Эфесу казалось, что ошибка Гомера подобна ошибке Эдипа, Пьедигонфа, царя несчастных: фиванец разгадал загадку Сфинкса, но не услышал того, что он пророчествовал.; он и раньше слушал оракула Лоссии, но не понял загадки, которую он предложил ему [4]. Тотчас же бросившись в дело, на основании того, что он понял, он связал себя с трагическим, или — так он думал Eraclito - к жгучему шлаку посвящения: он прошел бы все стадии освобождения, но претерпевая их как внешние события, удары судьбы; он станет Единым-Всем вопреки самому себе, в ослепительном свете солнца, а не в капающей тьме склепа, в осторожном и существенном присутствии мистагога. И тогда он ослепнет, как Гомер. Но слепота Эдипа со временем откроется, во время долгого странствования с его дочерью-сестрой Антигоной, к жертвенному свету, который до сих пор отрицался и который мог быть предложен только зрителю театр - тот обряд Диониса, который в годы Гераклита начал складываться под неоднозначным солнцем полис, перерезав (по крайней мере внешне) пуповину тайна.

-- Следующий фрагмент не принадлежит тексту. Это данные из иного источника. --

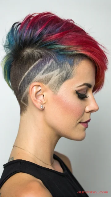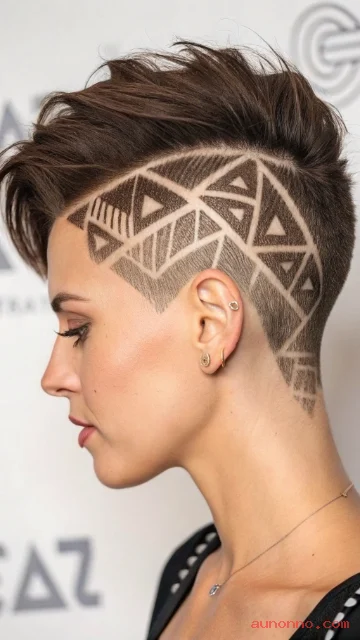 Design options range from simple geometric lines to intricate patterns or even images. The designs add permanent art to your hair that makes the asymmetrical cut feel uniquely personal. This approach appeals to people who view their hair as a creative canvas.
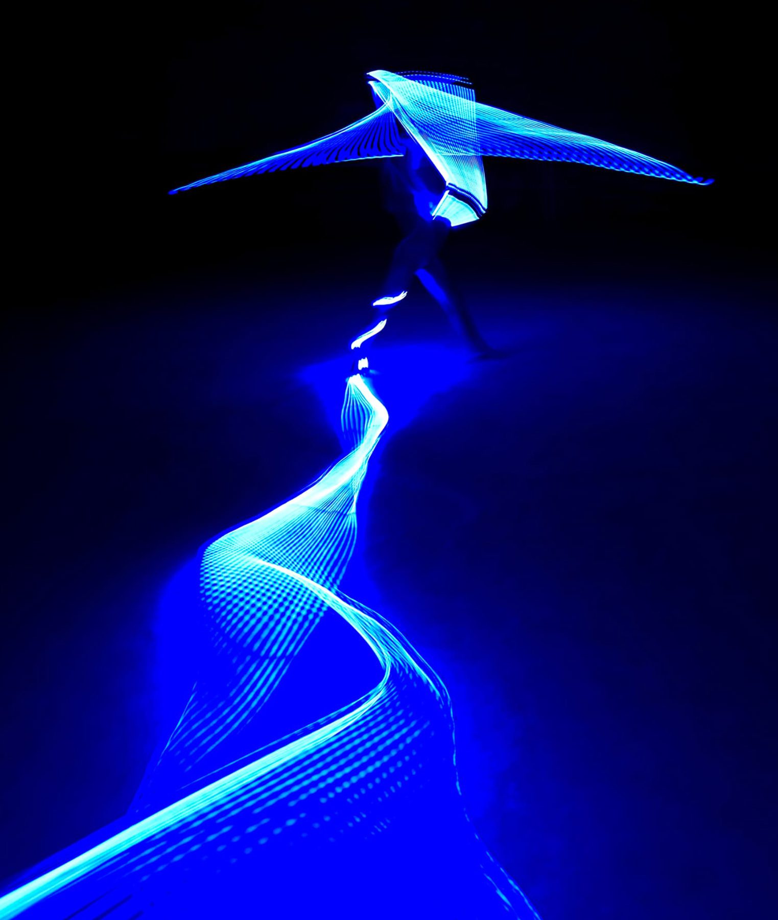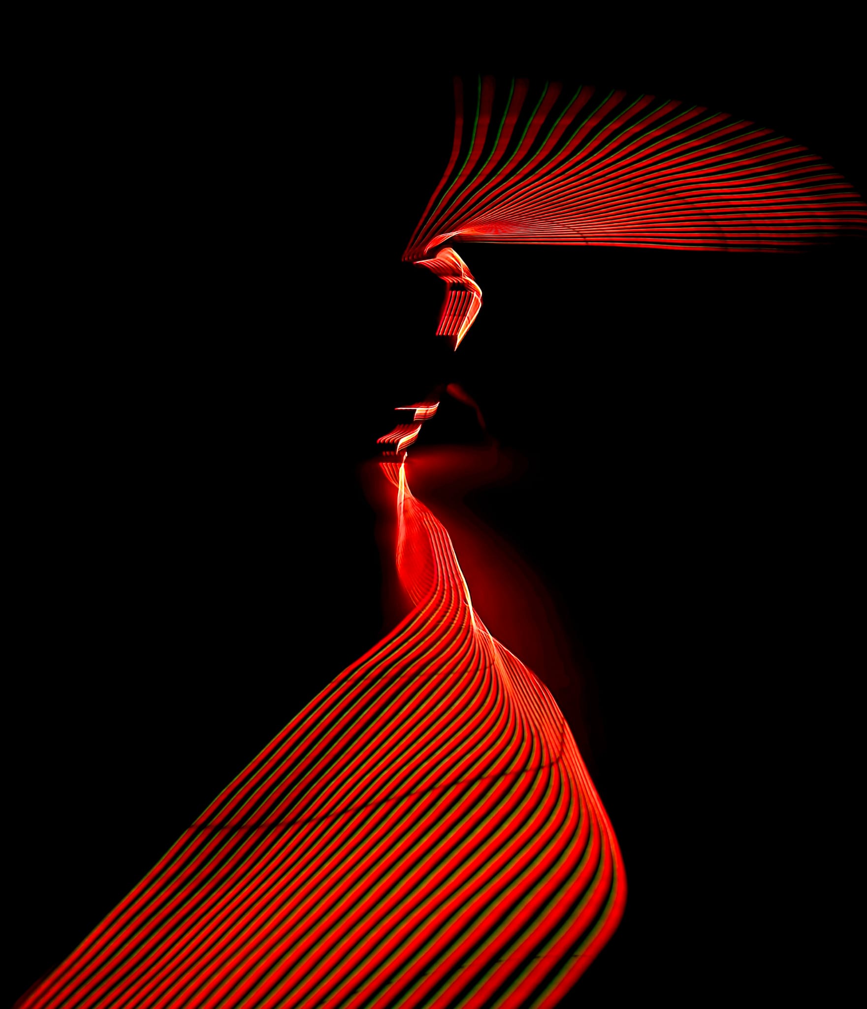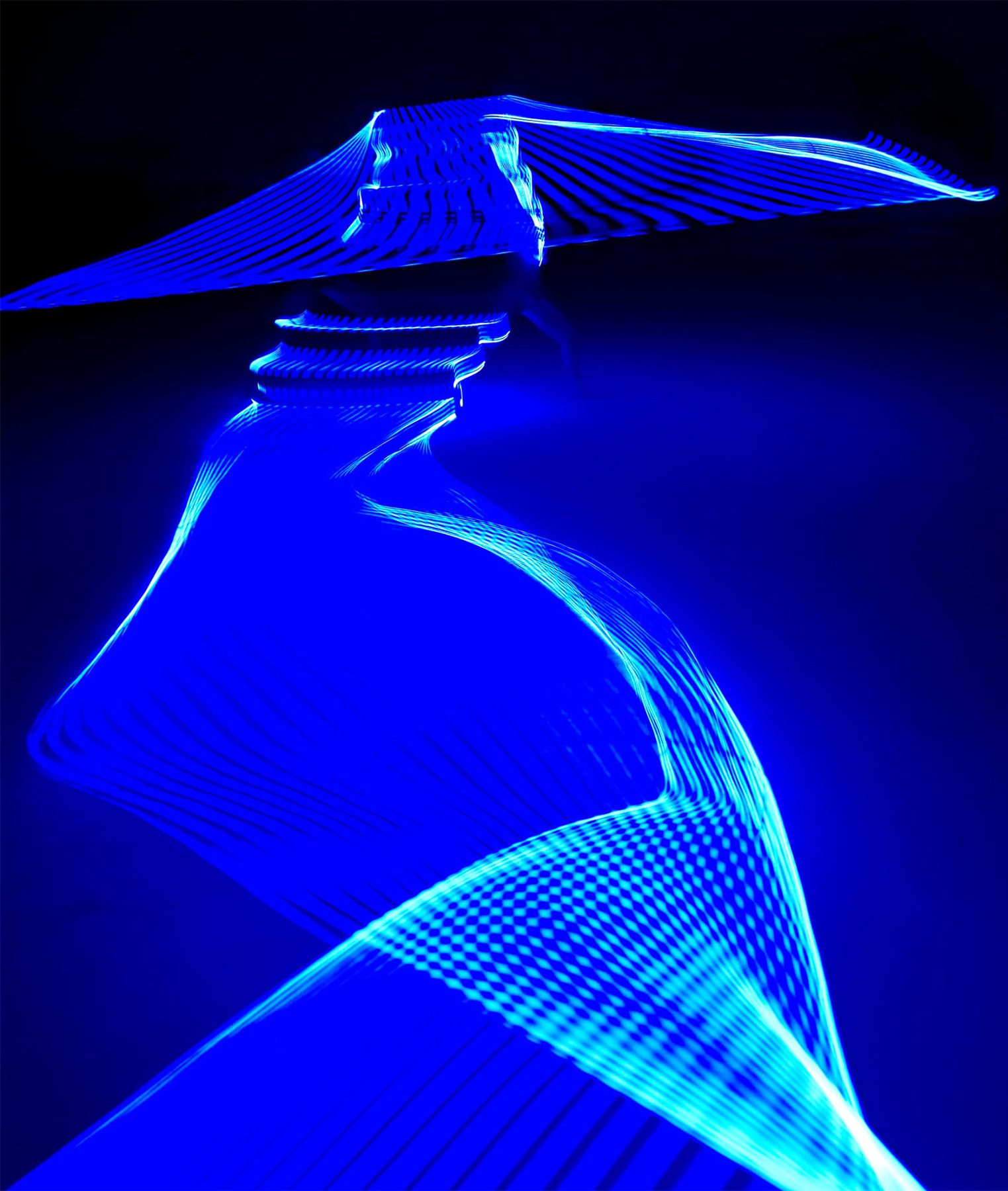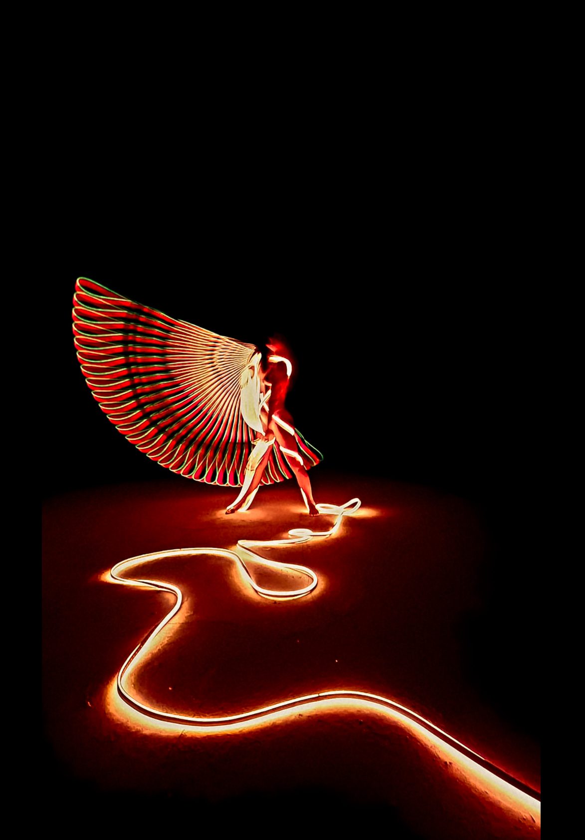 A warm summer evening discovering a forgotten box under the shelves… Inside, a long flexile neon wire. The terrasse in front of our house, a large empty space able to accommodate any of our creative ideas… Slow shutter speed trials and little by little strange digital captures emerging on the camera. Switching colors, mixing naked bodies, remote controlling, trying, testing, failing and retrying.
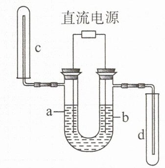 3. 用如图所示装置完成电解水的实验并收集产生的气体(U 形管中预先加入少量的氢氧化钠溶液,c、d 两支试管容积相等),下列说法不正确的是(
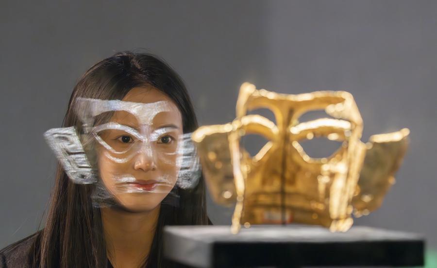 A visitor looks at a golden mask on display in the new building of Sanxingdui Museum in Guanghan City, southwest China's Sichuan Province, Dec. 18, 2024. (Xinhua/Cai Yang)
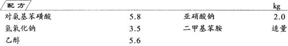 在3kg的水反应罐中,加入一定量的对氨基苯磺酸,并在加热中搅拌使之溶解,然后迅速降至60℃以下,再加入二甲基苯胺搅拌成互溶液体,当降至所要求的温度时,迅速将现配制的亚硝酸钠溶液加入到反应罐中,此时有酸性甲基橙析出,体系呈浓稠状,用氢氧化钠溶液将溶液调至石蕊试纸呈蓝色为止,继续搅拌15min后加热至全溶,冷却放置,使产品析出完全,抽滤,将产品移入乙醇中浸泡、搅拌10~20min,抽干后在40~45℃干燥4~5h得黄色片状甲基橙约7kg,收率为65%。
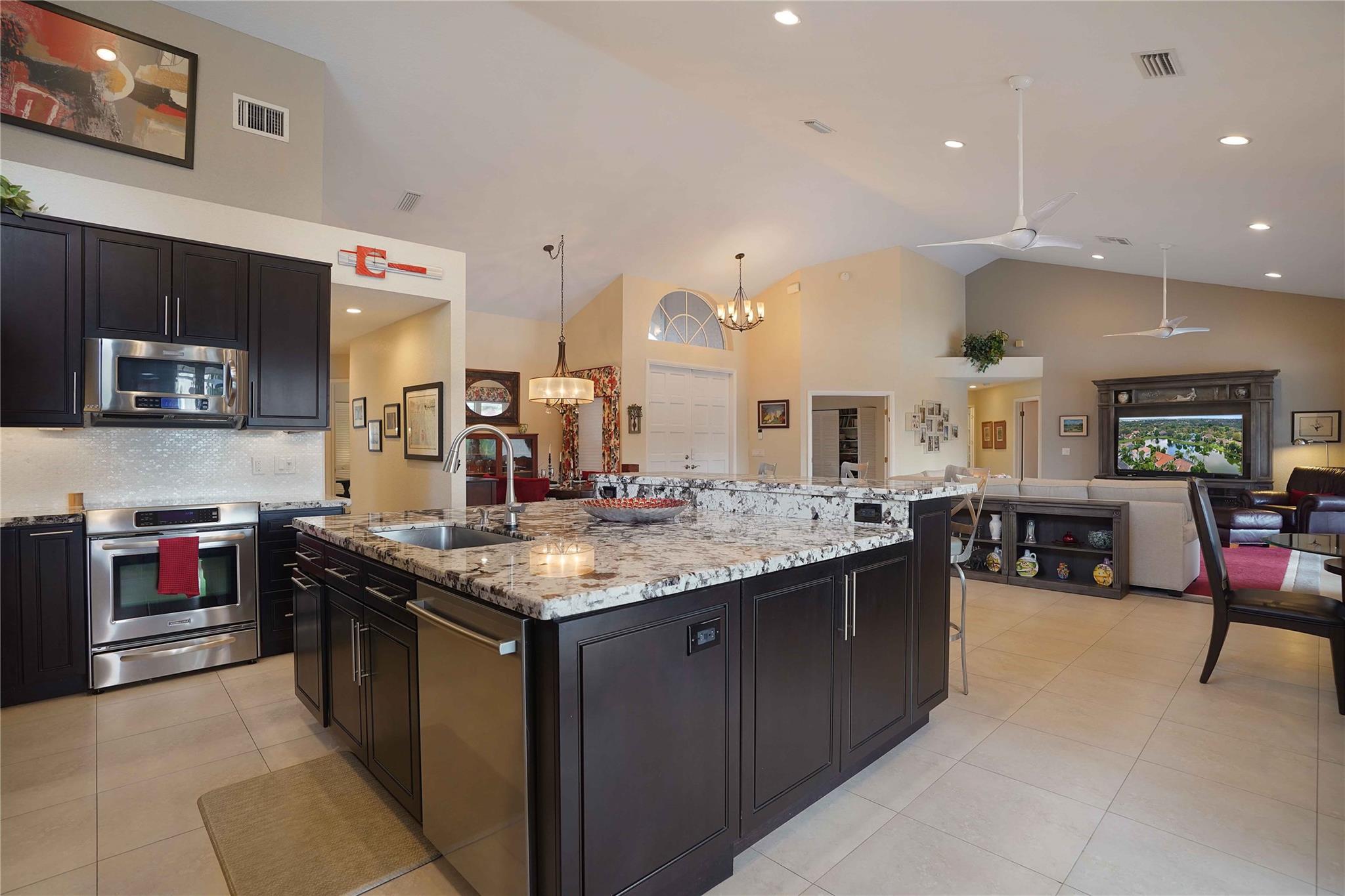 Indulge in the epitome of luxury living with this stunning 4 bedroom, 2.5-bath waterfront oasis in Sonata at Mission Bay. Meticulously maintained and thoughtfully remodeled, this home offers a symphony of features. The open floor plan creates an inviting atmosphere, seamlessly blending with spectacular water and sunset views The remodeled chef’s kitchen is a masterpiece, complete with a large center island, wood cabinets, granite countertops, stainless steel appliances. Ideal for culinary creations and entertaining guests. Remodeled bathrooms, split floor plan, volume ceilings. Exterior features include impact windows, heated pool, screened in patio and multiple entertaining spaces, fenced in yard, impact garage door, low hoa. Make this haven yours today.
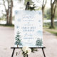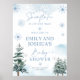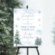 Eine kleine Schneeflocke ist auf dem Weg Willkommensschild Poster Baby Dusche blauer Winter Wunderland Willkommensschild mit Schneeflocken und Kiefern.
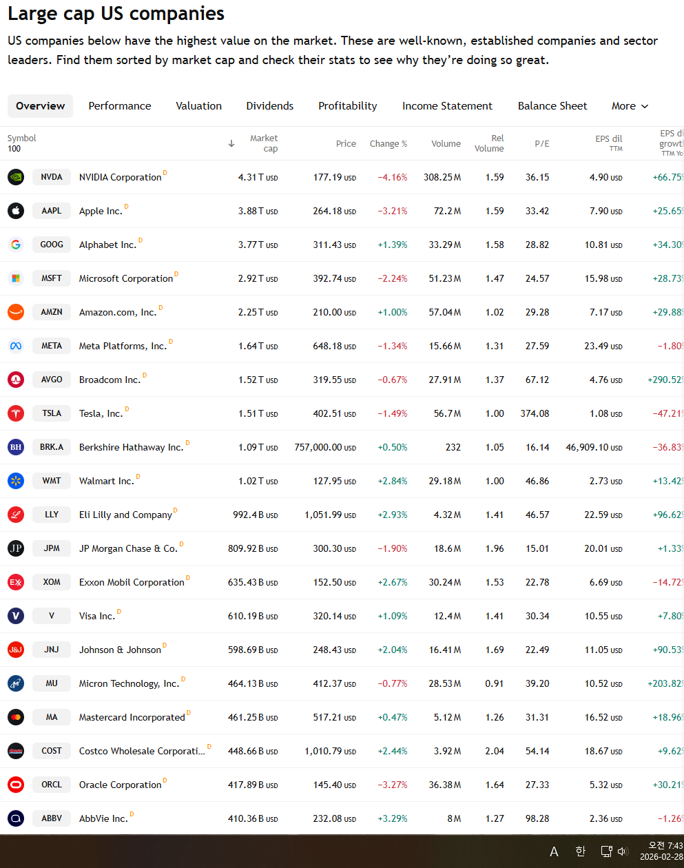 | 2026년 2월 25일 금융시장 지표와 미국증시 시가총액 순위 (0) | 2026.02.26 |
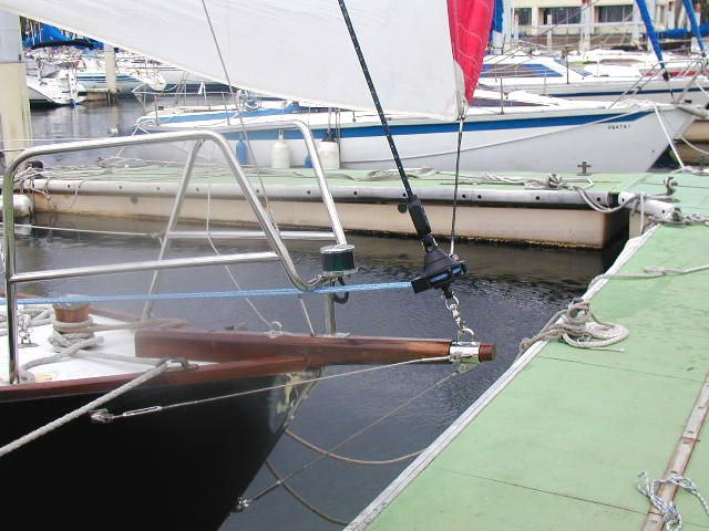 | 数年前にレストアしたSK25が帰ってきました。今度はこれにバウスプリットを設置して ファーリングジェネカーで遊ぼうという計画です。クラシックなデザインだけに、チークで バウスプリットを製作、トウレールがチークですので、そのラインにフィットして、良い雰 囲気になりました。フォアステーのチェーンプレートを一旦撤去して、バウスプリット設置 後、これを貫通させてチェーンプレートを設置しています。 ここに写真のようにファーリングジェネカーを設置しました。 バウスプリットも最初からあったかのように、似合っています。ジブハンクスで降ろしたら はずさずに、そのままカバーをかけて、ライフラインにひっかけておく。まるでメインセール のブームのようにです。ジブはレギュラーサイズで、このジェネカーをおおいに使おうと いう計画です。 これからいろんな計画をもっておられる方も多いでしょう。それにどのようにしたら、最も 良いか、そんなアドバイスができれば幸いです。 |
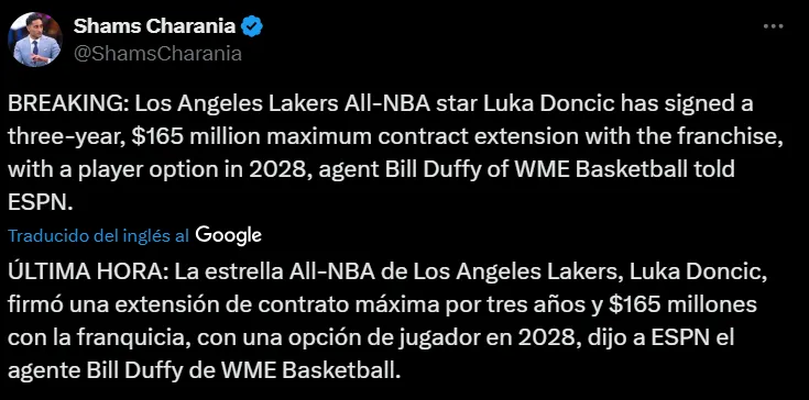 El periodista Shams Charania confirmó en su cuenta de X que Doncic tendrá un contrato importante de 165 millones, es decir, que se asegurará un total de 55 millones de dólares por cada año en el que esté en el equipo, siendo así uno de los mejores pagos.
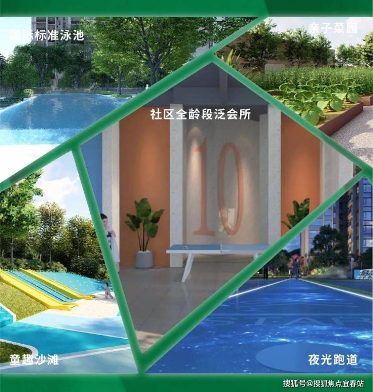 社区全龄段泛会所、国际标准泳池、夜光跑道、亲子菜园、童趣沙滩等

ПРОЧИТАТЬ ТАКЖЕ  «Настоящий детектив»: пожирающее время и вечное возвращение

Гомер тоже пытался разгадать загадку мальчиков с нетерпением спортсмена, который бежит до сигнала. Те ребята, те платный, были боги: и их грифос это был не ларец, в котором было спрятано слово, предмет, - а клинок, который старый поэт мог превратить в орудие своего триумфа, только применяя его против самого себя. Эраклит в одном из отрывков своей поэмы, посвященной лунной охотнице Артемиде-Медведице, писал, что презрительная [5]:

« Люди заблуждаются в отношении познания явных вещей подобно Гомеру, который стал мудрейшим из всех эллинов. На самом деле мальчики, убивавшие вшей, обманывали его, говоря: «Вещи, которые мы видели и взяли, мы отпускаем; то, что мы не видели и не брали, мы носим. "(фр. ДК Б 56).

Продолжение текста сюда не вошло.